Colleges and universities, therefore, are “caught at times here in what I would just call a snowball fight.”
“We get into our two opposing camps, and you're either in my camp or you're the opponent,” he said. “And I think one of the key roles that higher education needs to play is to demonstrate that we can reclaim the center politically, that we welcome folks with different viewpoints.”
‘Larger together’
Although all three of Iowa’s public universities this fall reported total enrollment increases — with both the University of Iowa and Iowa State University also welcoming bigger freshman classes — all three remain well below peak enrollment levels in 2016 and 2017. ISU, for example, reported 36,291 students in 2016 — about 19 percent above this fall’s count of 30,432. The UI in 2017 had 32,065, which is about 4 percent above this fall’s 30,779.

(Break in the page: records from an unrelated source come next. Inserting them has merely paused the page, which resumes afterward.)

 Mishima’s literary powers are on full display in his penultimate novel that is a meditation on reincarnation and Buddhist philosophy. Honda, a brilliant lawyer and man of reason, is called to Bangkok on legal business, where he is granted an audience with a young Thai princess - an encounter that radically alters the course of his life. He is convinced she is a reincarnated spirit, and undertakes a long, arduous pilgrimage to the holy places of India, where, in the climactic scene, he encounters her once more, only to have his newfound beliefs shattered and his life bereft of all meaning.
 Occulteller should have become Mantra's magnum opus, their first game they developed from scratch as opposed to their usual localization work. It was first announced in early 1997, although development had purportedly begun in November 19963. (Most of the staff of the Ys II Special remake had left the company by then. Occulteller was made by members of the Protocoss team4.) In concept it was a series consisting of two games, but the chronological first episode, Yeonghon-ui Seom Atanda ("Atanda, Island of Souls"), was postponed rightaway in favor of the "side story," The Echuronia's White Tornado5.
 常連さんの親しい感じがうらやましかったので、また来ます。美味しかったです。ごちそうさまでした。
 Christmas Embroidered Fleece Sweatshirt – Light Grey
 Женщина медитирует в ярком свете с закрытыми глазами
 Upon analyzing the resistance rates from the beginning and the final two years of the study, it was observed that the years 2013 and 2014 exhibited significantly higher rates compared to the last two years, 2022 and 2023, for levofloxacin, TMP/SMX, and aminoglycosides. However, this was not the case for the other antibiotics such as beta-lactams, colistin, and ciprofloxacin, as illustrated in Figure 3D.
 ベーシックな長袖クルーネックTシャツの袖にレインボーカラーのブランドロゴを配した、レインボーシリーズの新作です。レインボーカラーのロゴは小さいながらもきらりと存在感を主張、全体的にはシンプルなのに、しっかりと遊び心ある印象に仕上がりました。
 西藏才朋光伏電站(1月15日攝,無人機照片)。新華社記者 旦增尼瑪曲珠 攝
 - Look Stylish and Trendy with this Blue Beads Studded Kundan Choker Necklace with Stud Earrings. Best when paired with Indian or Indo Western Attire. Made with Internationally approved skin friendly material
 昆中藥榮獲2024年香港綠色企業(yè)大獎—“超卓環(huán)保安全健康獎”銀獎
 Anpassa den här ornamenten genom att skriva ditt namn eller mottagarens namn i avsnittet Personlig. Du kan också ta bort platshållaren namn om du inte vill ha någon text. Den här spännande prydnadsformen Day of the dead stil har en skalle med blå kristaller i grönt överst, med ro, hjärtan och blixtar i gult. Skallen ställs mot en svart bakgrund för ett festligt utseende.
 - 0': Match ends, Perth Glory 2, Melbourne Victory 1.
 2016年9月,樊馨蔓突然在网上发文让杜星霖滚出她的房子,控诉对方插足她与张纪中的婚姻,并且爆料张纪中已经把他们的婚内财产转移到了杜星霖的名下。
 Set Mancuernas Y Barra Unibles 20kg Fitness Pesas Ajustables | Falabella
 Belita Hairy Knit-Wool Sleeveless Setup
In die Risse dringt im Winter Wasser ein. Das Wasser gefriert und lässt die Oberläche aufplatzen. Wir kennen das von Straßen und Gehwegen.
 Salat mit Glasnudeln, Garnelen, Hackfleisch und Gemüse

The University of Northern Iowa until last fall had been on a downward trajectory since its peak of 14,070 in 2001 to a modern-day low of 8,949 in 2022 — representing a 36 percent drop. But its enrollment this fall increased for a second-straight year, from 9,021 in fall 2023 to 9,283 this fall, and administrators across public and private education report novel initiatives and collaborations to reverse the downward trend.
“I think it is absolutely essential that we think about collaboration,” Olson said, reporting efforts to raise each other up across the public, private and community college sectors through new degree pathways, industry partnerships, internships, virtual options and even mergers — like Mount Mercy’s recent announcement it’s combining with St. Ambrose University of Davenport.
Kirkwood Community College, also based in Cedar Rapids, welcomed about 100 more students this fall, bringing its total enrollment from 12,662 to 12,765 — but still 10 percent below the 14,182 tally in 2019.
“That will give us a number of advantages — certainly economies of scale,” Olson said. “And that will matter in higher education because it is, frankly, tougher in this environment for smaller colleges to really prosper. As we can become somewhat larger together, that will be helpful. But more importantly than that, it will open up some new doorways for students at both institutions.”
Vanessa Miller covers higher education for The Gazette.